The Start of Beekeeping Season

Beekeeping

As of Wednesday, spring is officially here, and with spring, comes flowers, and with flowers, come bees! Beekeeping requires year-round work, but things really shift into gear in the spring as bees emerge from their long winter’s nap and start the mad dash to begin building up their honey stores.

For the newbies: “long winter’s nap” is just a figure of speech. Bees don’t actually hibernate; they just huddle together in their hive in order to keep warm, slowly nibbling away at their stores of food from the past year. They also insulate their hive by sealing its edges with propolis. A hive consumes most of its honey stores over winter, and keepers must make sure the bees have food until enough flowers bloom to provide nectar for them to forage.

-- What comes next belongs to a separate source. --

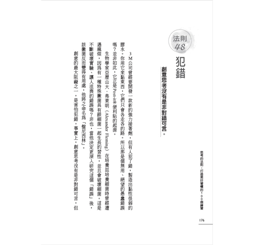 這是創意思考的大敵。正因為擔心會弄壞、搞砸、犯錯,害我們不敢大膽實驗,以致放棄了創意。在1920年代,亞歷山大?弗萊明並非唯一從事細菌培養的科學家。許許多多科學家都犯著相同的「錯誤」,而且他們一向都是依照從小就學會的方式處理錯誤──丟掉、掩飾、擺脫它們,然後重新開始。我無法說出這些科學家的大名,因為他們沒有人發現盤尼西林。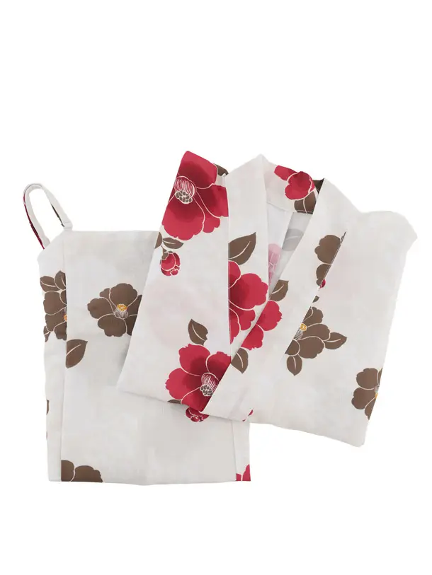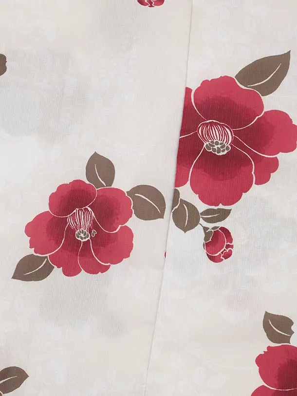 浴衣0064 華徒然 2WAYゆかた 椿 ベージュ

In early spring – which can vary considerably across the USA, depending on whether a beekeeper hangs their hive in Florida or, say, Indiana – queens begin laying eggs in earnest, building up each hive’s numbers and ensure there are plenty of workers to keep things buzzing along. Because once the flowers bloom, our bee buddies get busy, buzzing from bud to bud to build up bunches of honey for their brood. Sometimes, a hive will look for a new home by swarming, which is exactly what it sounds like. Every spring, beekeepers have the tough job of wrangling these swarms through careful planning or convincing the bees that their current hive is actually a new one.

Spring is a tricky time for beekeepers, especially when they’re trying to make local honey from specific local pollen sources. Because plants bloom for different lengths of time and at different times of year, beekeepers have to make sure their hives are ready to get out and pollinate when blooms occur, which can be unpredictable. Bees are always dead-set on finding a pretty, colorful flower – that’s their cue that there’s plenty of pollen present – so they’ll pollinate anything in sight, including more common pollen sources like white clover and wildflowers.

Thankfully, our experienced network of local beekeepers is ready to handle the finicky swarms and long days in the field to produce another great harvest of 17 raw & unfiltered honeys– made entirely in the USA.